A new account of racial logics in premodern Islamic literature.
In Black Knights, Rachel Schine reveals how the Arabic-speaking world developed a different form of racial knowledge than their European neighbors during the Middle Ages. Unlike in European vernaculars, Arabic-language ideas about ethnic difference emerged from conversations extending beyond the Mediterranean, from the Sahara to the Indian Ocean. In these discourses, Schine argues, racialized blackness became central to ideas about a global, ethnically inclusive Muslim world.

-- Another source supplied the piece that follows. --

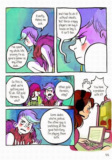 One day, Anda and her team are dispatched on a raid to go bust the chops of some gold farmers. Normally this would be a straightforward task, but then one of the gold farmers' avatar…talks to Anda. He's just another kid, sitting at a computer in China, but it doesn't take a long conversation before Anda realizes there's something really wrong and exploitative about the whole gold farming business. And that's when things start to get complicated for Anda, both online and IRL.
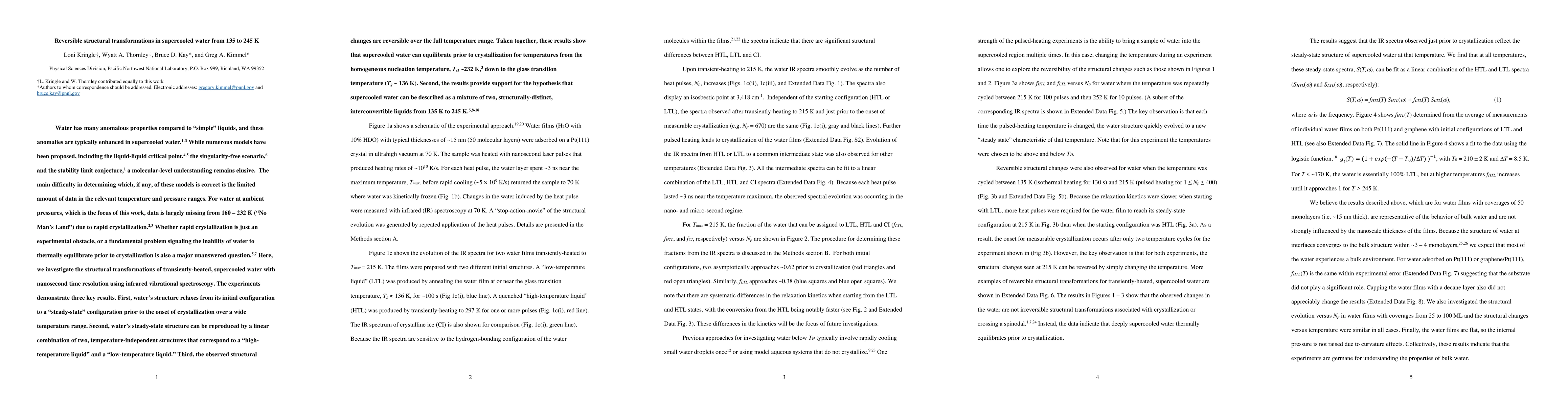 Water has many anomalous properties compared to "simple" liquids, and these anomalies are typically enhanced in supercooled water. While numerous models have been proposed, including the liquid-liquid critical point, the singularity-free scenario, and the stability limit conjecture, a molecular-level understanding remains elusive.The main difficulty in determining which, if any, of these models is correct is the limited amount of data in the relevant temperature and pressure ranges. For water at ambient pressures, which is the focus of this work, data is largely missing from 160 - 232 K due to rapid crystallization. Whether rapid crystallization is just an experimental obstacle, or a fundamental problem signaling the inability of water to thermally equilibrate prior to crystallization is also a major unanswered question. Here, we investigate the structural transformations of transiently-heated, supercooled water with nanosecond time resolution using infrared vibrational spectroscopy. The experiments demonstrate three key results. First, water's structure relaxes from its initial configuration to a "steady-state" configuration prior to the onset of crystallization over a wide temperature range. Second, water's steady-state structure can be reproduced by a linear combination of two, temperature-independent structures that correspond to a "high-temperature liquid" and a "low-temperature liquid." Third, the observed structural changes are reversible over the full temperature range. Taken together, these results show that supercooled water can equilibrate prior to crystallization for temperatures from the homogeneous nucleation temperature down to the glass transition temperature. Second, the results provide support for the hypothesis that supercooled water can be described as a mixture of two, structurally-distinct, interconvertible liquids from 135 K to 245 K.

Schine traces the emergence of these new racial logics through popular Islamic epics, drawing on legal, medical, and religious literatures from the period to excavate a diverse and ever-changing conception of blackness and race. The result is a theoretically nuanced case for the existence and malleability of racial logics in premodern Islamic contexts across a variety of social and literary formations.
Table des matières :
Introduction
Part One: Making Race
- Origin Stories of the Black-Arab Hero
- Conceiving ʿAbd al-Wahhāb
- The (Popular) Science of Difference
Part Two: Race through Time
- The Past
- The Present
Part Three: Race through Space
- Venturing Abroad
- Returning Home
Conclusion
Acknowledgments
Appendix
Bibliography
Index
Informations pratiques :
Rachel Schine, Black Knights. Arabic Epic and the Making of Medieval Race, Chicago, The University of Chicago Press, 2024 ; 1 vol., 328 p. ISBN : 978-0-22683-617-1. Prix : USD 38,00.